Answer
$a)$ $\vec{u}\cdot\vec{v}=1$
$b)$ $\theta\approx86^{\circ}$
Work Step by Step
$\vec{u}=\vec{i}+3\vec{j}$ $,$ $\vec{v}=4\vec{i}-\vec{j}$
$a)$
To find $\vec{u}\cdot\vec{v}$, multiply corresponding components and add:
$\vec{u}\cdot\vec{v}=(1)(4)+(3)(-1)=4-3=1$
$b)$
The angle between two vectors is given by the following formula,
$$\theta=\cos^{-1}\dfrac{\vec{u}\cdot\vec{v}}{|\vec{u}||\vec{v}|}$$
where $\vec{u}\cdot\vec{v}$ is the dot product of $\vec{u}$ and $\vec{v}$, and $|\vec{u}|$ and $|\vec{v}|$ are the magnitudes of $\vec{u}$ and $\vec{v}$, respectively.

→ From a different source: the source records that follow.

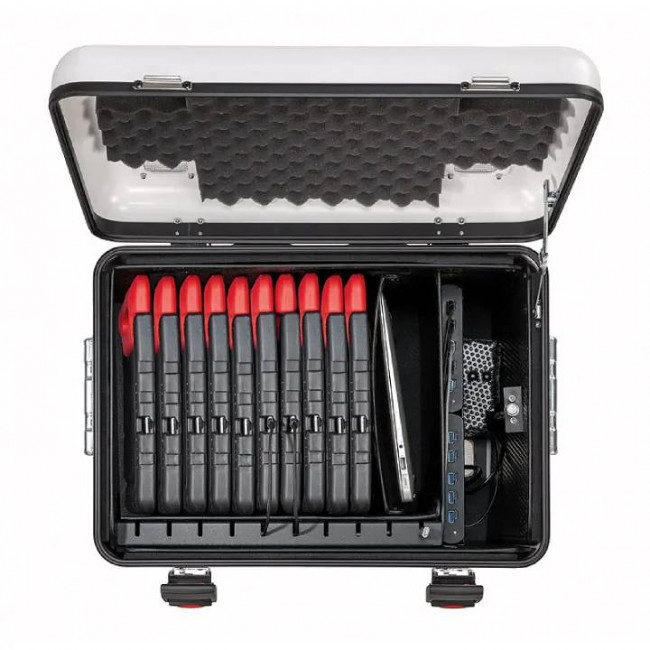 Grâce aux HUBS USB intelligents à double connectique USB-A et USB-C, notre solution permet la recharge simultanée des tablettes iPad, sans réglage manuel. La gestion automatique de la puissance adapte la charge à chaque appareil. La sécurité est intégrée au fonctionnement : recharge possible valise fermée grâce à l’alimentation centralisée, capteur de température avec arrêt automatique en cas de surchauffe et ventilation optimisée par des ouvertures dans le couvercle et le fond de la valise.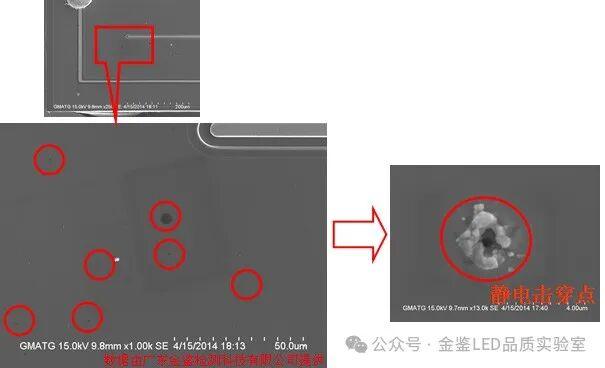 案例分析(二)某客户生产的一批灯珠出现漏电问题,委托金鉴实验室查找原因。金鉴通过扫描电镜鉴定这批灯珠漏电原因为静电击穿,并对供应商提供的裸晶进行检测,发现芯片外延层表面有大量黑色空洞,这些缺陷表明外延层晶体质量较差,PN结内部存在缺陷。空洞的发现,帮助客户明确责任事故的负责方,替客户挽回损失。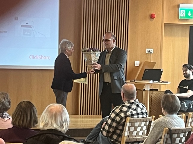 Robert tackades med en varm applåd och en blomma varefter vi gick ner i kaféet och lugnade nerverna med en kopp kaffe med dopp.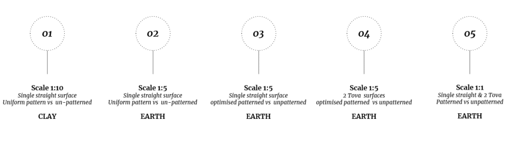 Overall, the comparison across scales shows that the structural logic of patterning is indeed scalable: the stability improvements observed at 1:5 translate to 1:1, though with moderated gains and proportionally higher time requirements. These outcomes confirm that patterning can serve as a valid architectural-scale strategy for enhancing wet-state stability in both straight and periodic earthen geometries.
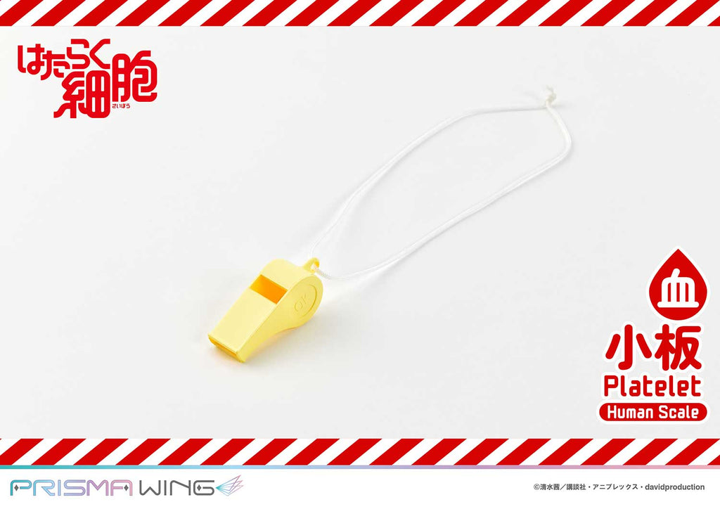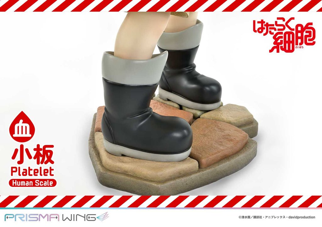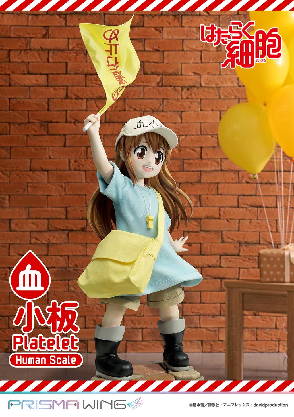 Platelet from the TV anime "Cells at Work" makes her debut in the Life Scale Masterline lineup! Known for her small size compared to other cells, she rushes to gather and block the wounds and stop them from bleeding when blood vessels are damaged. Her earnest and adorable charm is captured in stunning detail at a delightful human scale 100cm.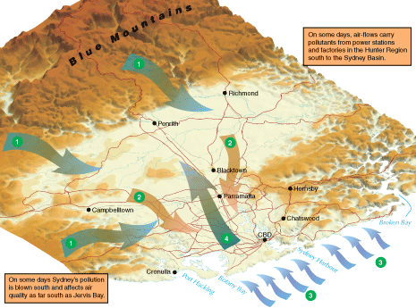 This image shows an oblique view of a DEM of the greater Sydney basin showing airflows that lead to air pollution in the city.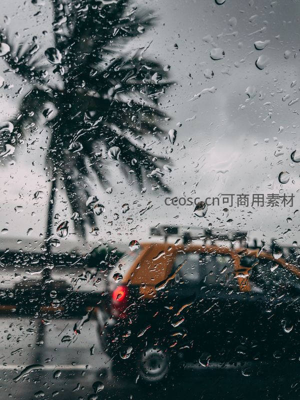 从车内透过布满雨滴的玻璃窗望出去,街上的棕榈树和一辆橙色出租车在雨幕中若隐若现,充满了都市生活的即视感。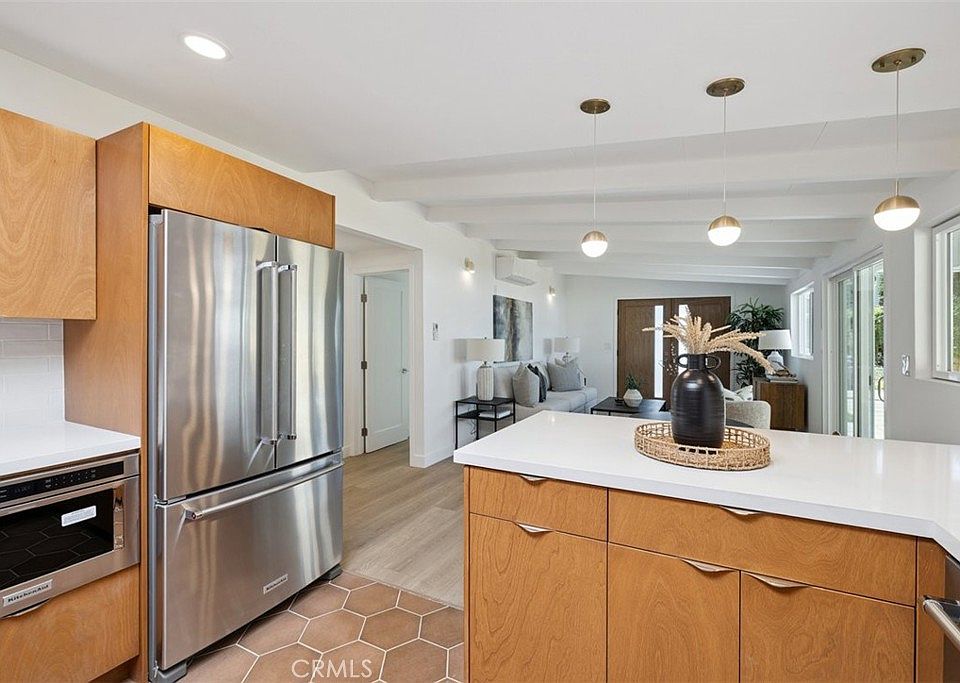 Inside, the 1,100 sq ft layout has been reimagined with open, light-filled living spaces and elevated finishes throughout. The kitchen features custom birch wood cabinetry, Arctic White Quartz countertops, and a Bedrosians Clara matte white backsplash paired with terra cotta tile and coordinating flooring. Brushed nickel fixtures and premium KitchenAid appliances complete the space with style and function. Bathrooms are finished with Delta brushed gold hardware, Zellige ceramic tile, and Hudson Valley sconces, creating a refined, spa-like atmosphere. Two ensuite bedrooms offer privacy and luxury, including one with a spacious walk-in closet and soaking tub. Additional highlights include designer sconce lighting, Troy collection mirrors from Lightopia, and two new climate-control mini splits for year-round efficiency.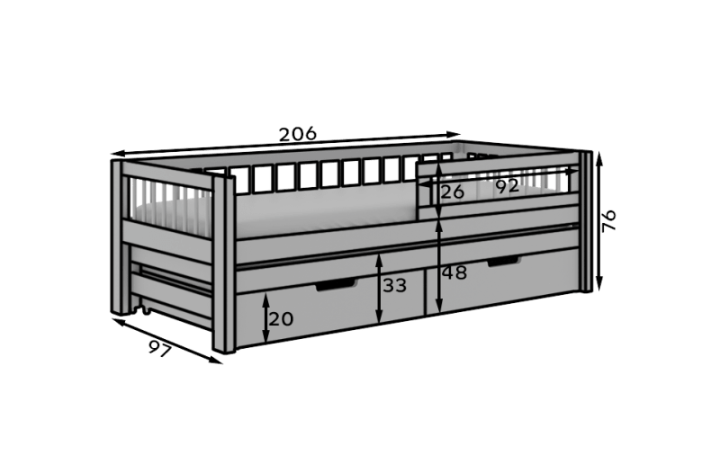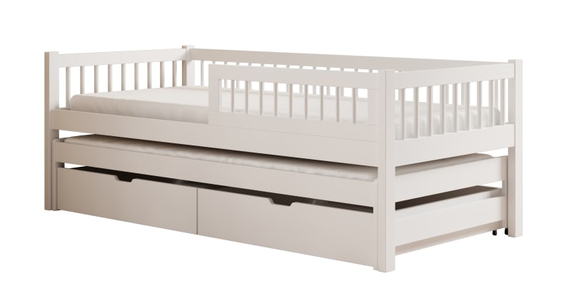 Az Orio gyermekágy – ideális megoldás testvérek vagy nagyobb helyet igénylő gyermekek számára. A franciaágy két méretben kapható: Az ágy tömör anyagokból készült, két vonzó színváltozatban kapható: fehér és fenyő, így könnyen illeszkedik bármilyen belsőépítészeAz. További előnyt jelent az ágy alatt található **két tároló**, amelyek további tárolóhelyet biztosítanak az ágynemű, játékok vagy egyéb tárgyak számára, rendet tartva gyermeke szobájában.Az Orio ágy ötvözi a funkcionalitást az esztétikummal, kényelmes alvást és praktikus megoldásokat kínál a mindennapi használathoz. Matracot tartalmaz.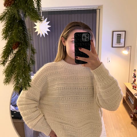 Selger denne nydelige strikkagenseren, strikket i kvalitetsull. Passer S og M.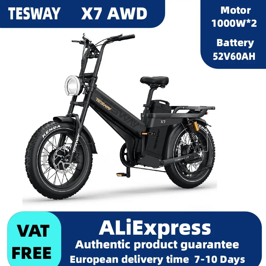 TESWAY X7 AWD Adult Electric Bicycle,1000W*2 city ebike, 52V 60AH E...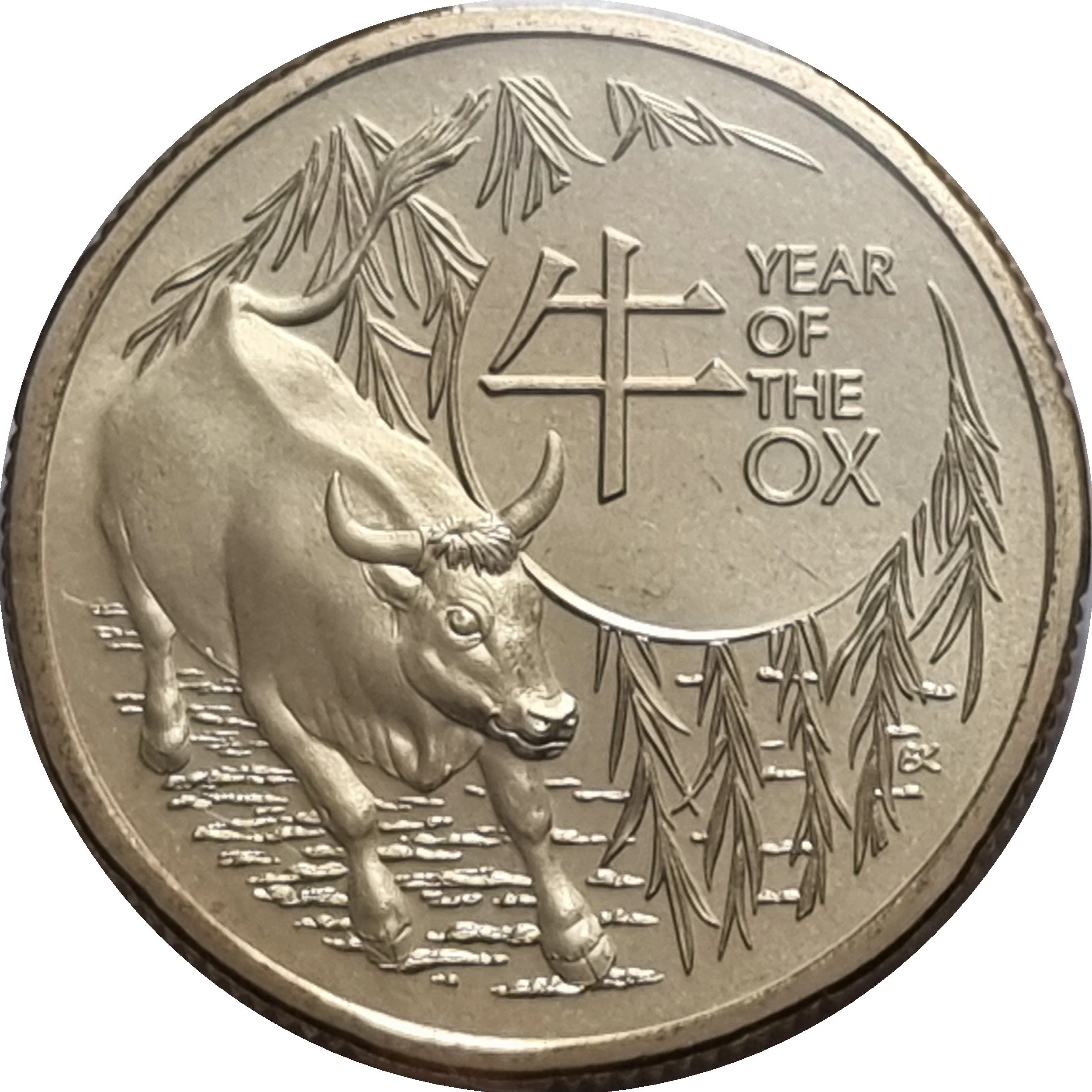 A young ox standing under foliage, front legs outstretched. To the right, the Chinese symbol for Ox in a circle.

Find the magnitude of both $\vec{u}$ and $\vec{v}$:
$|\vec{u}|=\sqrt{1^{2}+3^{2}}=\sqrt{1+9}=\sqrt{10}$
$|\vec{v}|=\sqrt{4^{2}+(-1)^{2}}=\sqrt{16+1}=\sqrt{17}$
Substitute the known values into the formula and evaluate:
$\theta=\cos^{-1}\dfrac{1}{(\sqrt{10})(\sqrt{17})}=\cos^{-1}\dfrac{1}{\sqrt{170}}\approx86^{\circ}$